* SUPPLIED RECORDS
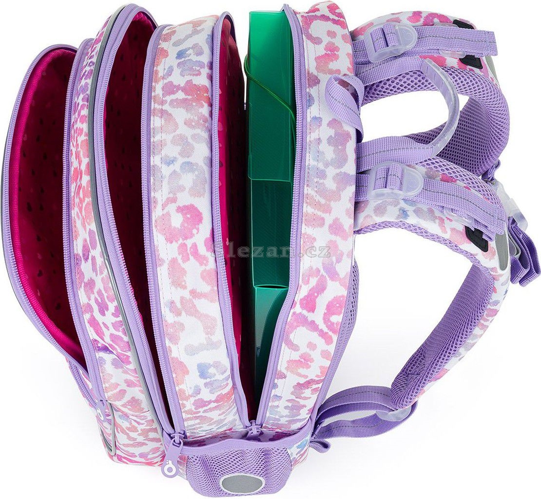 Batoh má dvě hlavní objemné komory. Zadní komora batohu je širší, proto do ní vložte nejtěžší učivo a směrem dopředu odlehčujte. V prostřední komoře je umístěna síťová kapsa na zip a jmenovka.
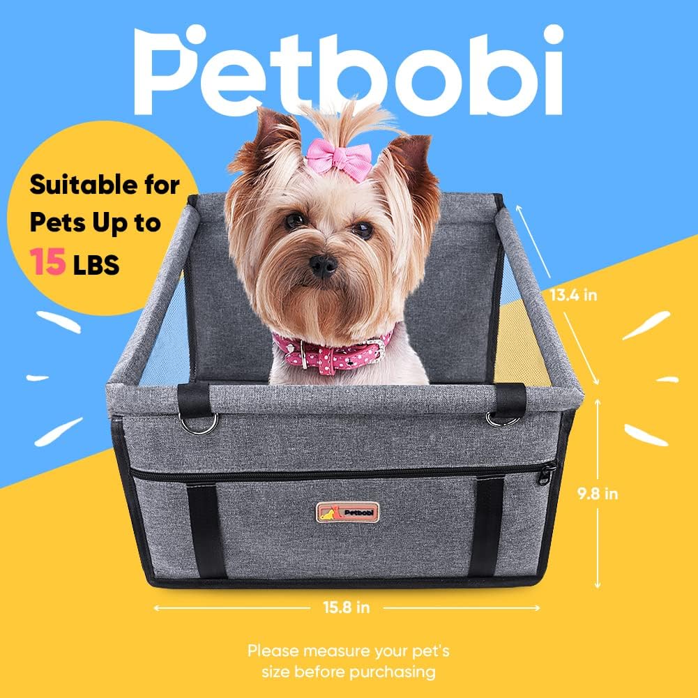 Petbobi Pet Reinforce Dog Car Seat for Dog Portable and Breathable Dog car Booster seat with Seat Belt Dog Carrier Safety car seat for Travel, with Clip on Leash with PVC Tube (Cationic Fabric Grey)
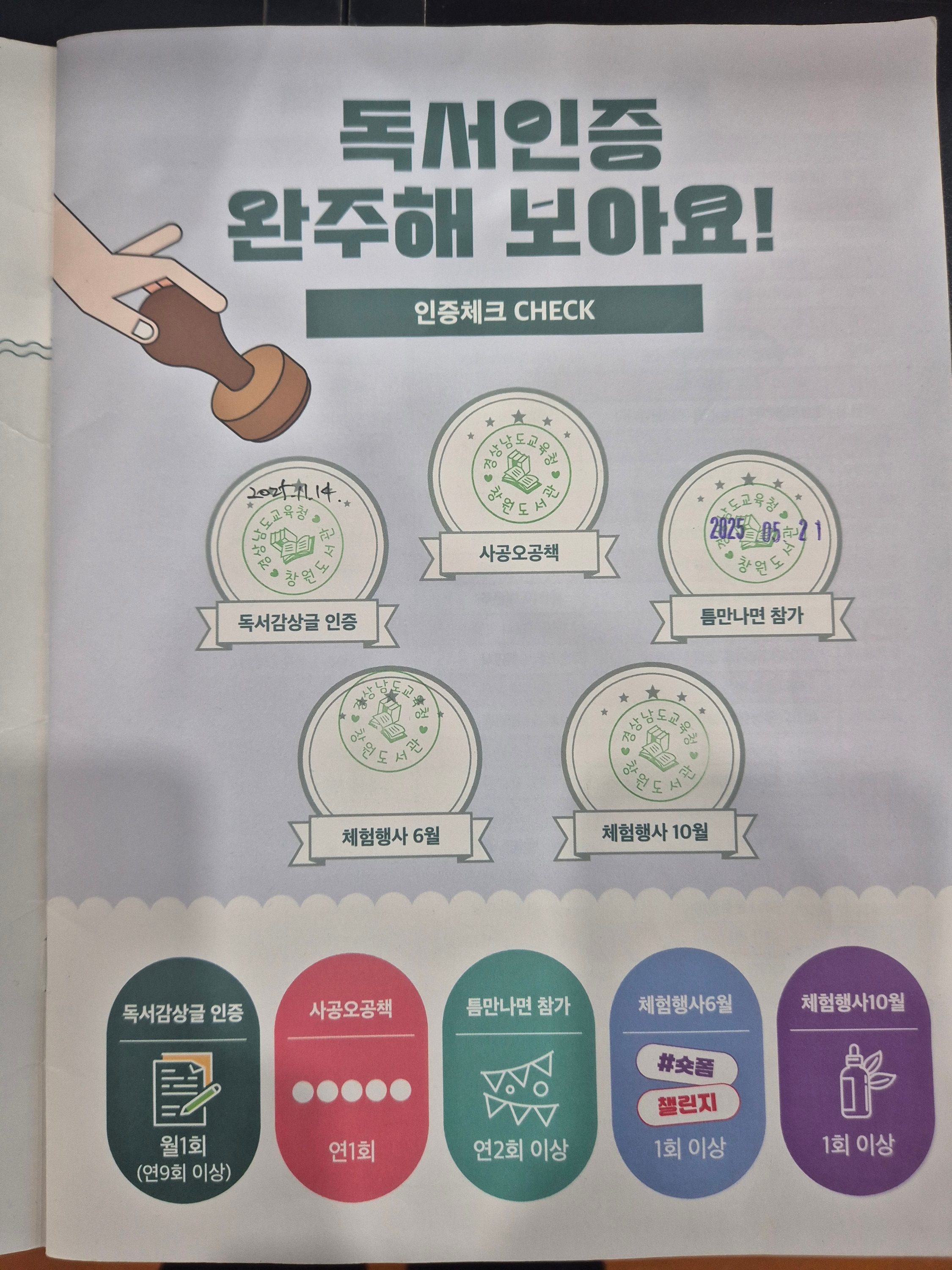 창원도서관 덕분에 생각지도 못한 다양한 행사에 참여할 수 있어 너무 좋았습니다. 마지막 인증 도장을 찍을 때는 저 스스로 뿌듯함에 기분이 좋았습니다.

---

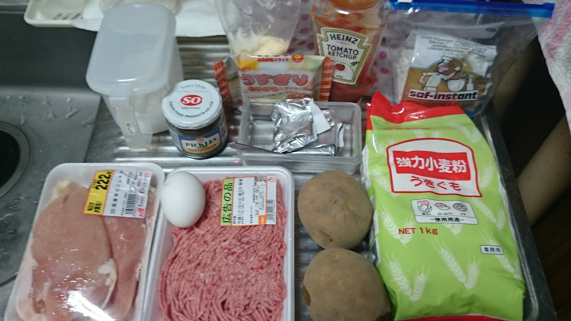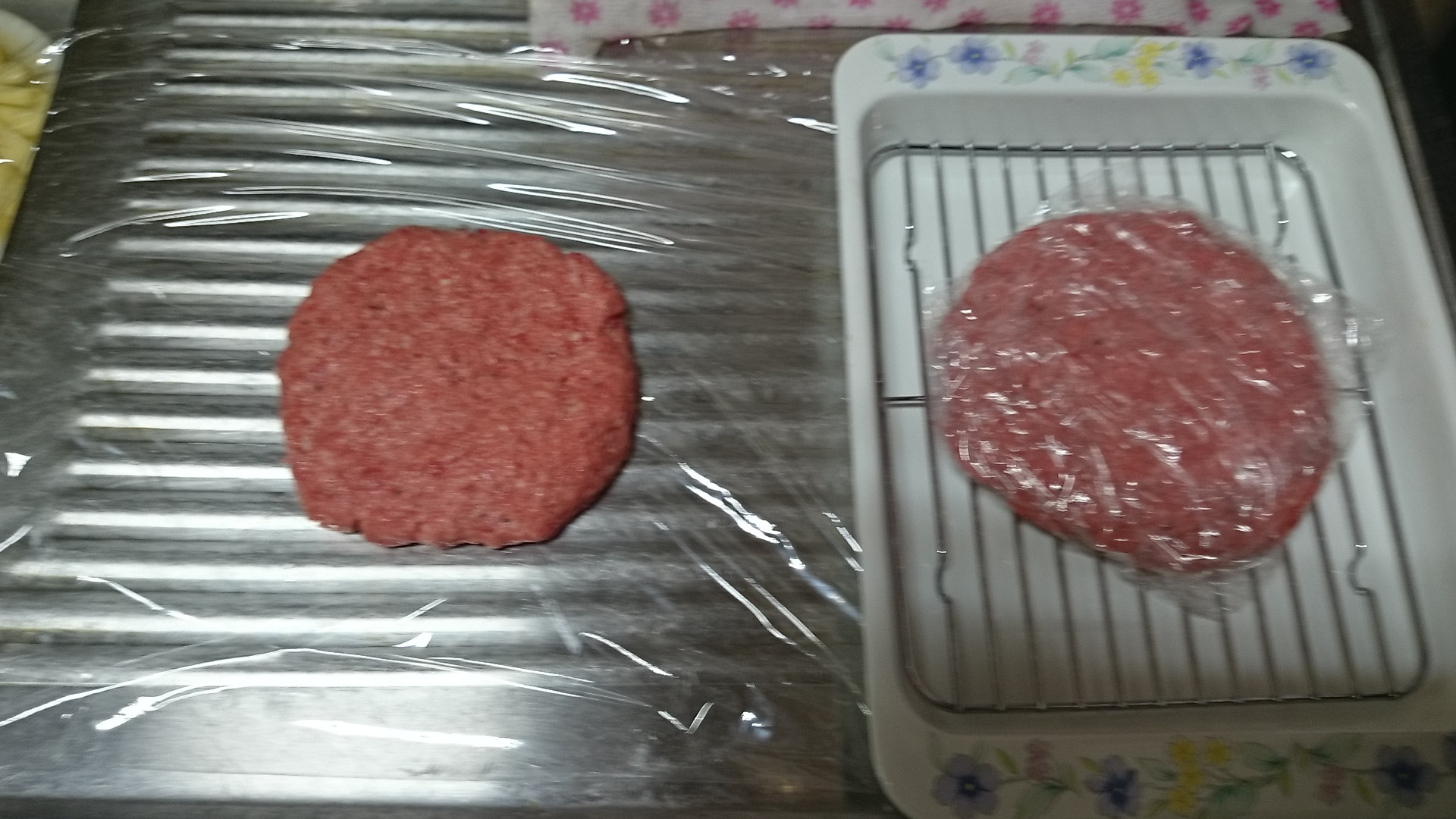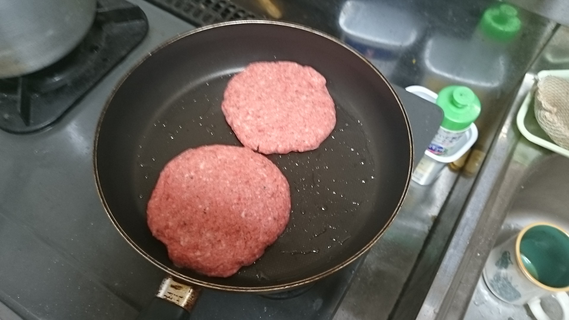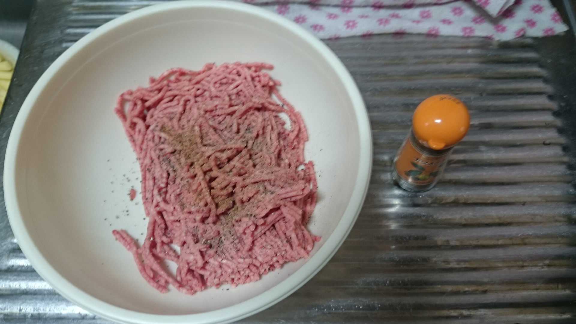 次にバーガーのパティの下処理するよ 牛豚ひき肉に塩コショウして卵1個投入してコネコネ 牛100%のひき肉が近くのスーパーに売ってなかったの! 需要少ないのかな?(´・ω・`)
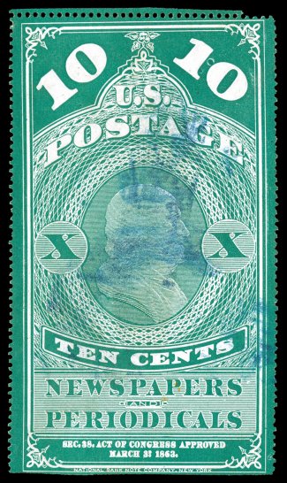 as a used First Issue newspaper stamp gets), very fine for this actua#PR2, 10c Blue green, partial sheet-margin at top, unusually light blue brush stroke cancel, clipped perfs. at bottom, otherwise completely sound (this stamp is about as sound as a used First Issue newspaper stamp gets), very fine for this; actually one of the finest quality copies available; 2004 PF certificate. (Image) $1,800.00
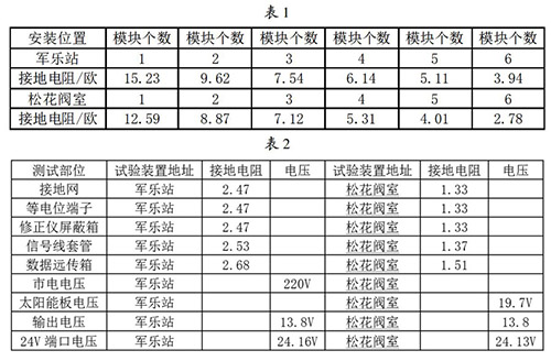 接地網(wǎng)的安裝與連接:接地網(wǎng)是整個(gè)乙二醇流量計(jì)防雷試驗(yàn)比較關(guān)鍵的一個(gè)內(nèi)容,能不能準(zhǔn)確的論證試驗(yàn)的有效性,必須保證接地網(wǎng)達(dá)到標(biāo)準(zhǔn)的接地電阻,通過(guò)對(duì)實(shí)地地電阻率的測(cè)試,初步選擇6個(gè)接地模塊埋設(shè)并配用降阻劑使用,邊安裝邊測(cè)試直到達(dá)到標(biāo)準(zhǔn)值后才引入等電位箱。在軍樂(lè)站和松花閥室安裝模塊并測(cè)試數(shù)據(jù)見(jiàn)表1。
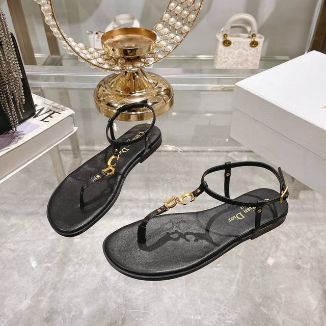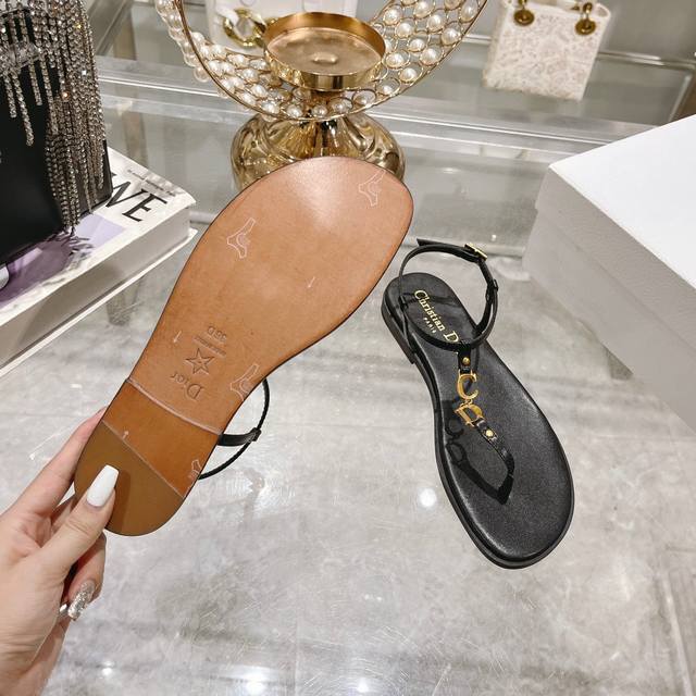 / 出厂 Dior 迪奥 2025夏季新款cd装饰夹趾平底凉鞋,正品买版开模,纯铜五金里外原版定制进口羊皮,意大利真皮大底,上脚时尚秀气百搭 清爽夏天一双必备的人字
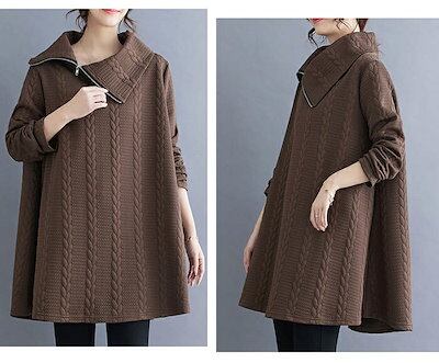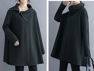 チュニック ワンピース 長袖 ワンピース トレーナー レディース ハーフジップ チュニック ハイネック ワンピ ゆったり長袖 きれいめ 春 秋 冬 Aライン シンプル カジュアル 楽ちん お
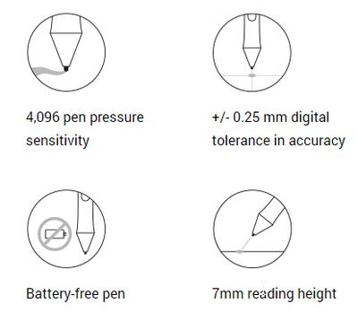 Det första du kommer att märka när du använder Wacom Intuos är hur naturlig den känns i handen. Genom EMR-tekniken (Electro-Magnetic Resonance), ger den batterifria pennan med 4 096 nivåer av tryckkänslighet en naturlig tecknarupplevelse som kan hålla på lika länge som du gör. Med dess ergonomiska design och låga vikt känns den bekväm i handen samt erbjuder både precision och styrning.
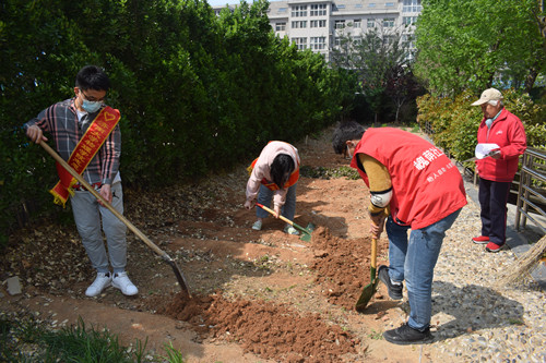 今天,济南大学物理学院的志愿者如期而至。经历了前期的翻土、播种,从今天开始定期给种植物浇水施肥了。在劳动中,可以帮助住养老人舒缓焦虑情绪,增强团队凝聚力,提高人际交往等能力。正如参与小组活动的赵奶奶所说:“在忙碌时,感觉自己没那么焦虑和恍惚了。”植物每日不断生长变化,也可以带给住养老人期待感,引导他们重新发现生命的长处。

* THE PROBLEM
Starting at the line with "接地網(wǎng)的安裝與連" in the entries above, write out every line exactly until the line with "今天,济南大学物理学院的志愿" has been written. Include no pictures and nothing more.

* WRITTEN ANSWER
 接地網(wǎng)的安裝與連接:接地網(wǎng)是整個(gè)乙二醇流量計(jì)防雷試驗(yàn)比較關(guān)鍵的一個(gè)內(nèi)容,能不能準(zhǔn)確的論證試驗(yàn)的有效性,必須保證接地網(wǎng)達(dá)到標(biāo)準(zhǔn)的接地電阻,通過(guò)對(duì)實(shí)地地電阻率的測(cè)試,初步選擇6個(gè)接地模塊埋設(shè)并配用降阻劑使用,邊安裝邊測(cè)試直到達(dá)到標(biāo)準(zhǔn)值后才引入等電位箱。在軍樂(lè)站和松花閥室安裝模塊并測(cè)試數(shù)據(jù)見(jiàn)表1。
 / 出厂 Dior 迪奥 2025夏季新款cd装饰夹趾平底凉鞋,正品买版开模,纯铜五金里外原版定制进口羊皮,意大利真皮大底,上脚时尚秀气百搭 清爽夏天一双必备的人字
 チュニック ワンピース 長袖 ワンピース トレーナー レディース ハーフジップ チュニック ハイネック ワンピ ゆったり長袖 きれいめ 春 秋 冬 Aライン シンプル カジュアル 楽ちん お
 Det första du kommer att märka när du använder Wacom Intuos är hur naturlig den känns i handen. Genom EMR-tekniken (Electro-Magnetic Resonance), ger den batterifria pennan med 4 096 nivåer av tryckkänslighet en naturlig tecknarupplevelse som kan hålla på lika länge som du gör. Med dess ergonomiska design och låga vikt känns den bekväm i handen samt erbjuder både precision och styrning.
 今天,济南大学物理学院的志愿者如期而至。经历了前期的翻土、播种,从今天开始定期给种植物浇水施肥了。在劳动中,可以帮助住养老人舒缓焦虑情绪,增强团队凝聚力,提高人际交往等能力。正如参与小组活动的赵奶奶所说:“在忙碌时,感觉自己没那么焦虑和恍惚了。”植物每日不断生长变化,也可以带给住养老人期待感,引导他们重新发现生命的长处。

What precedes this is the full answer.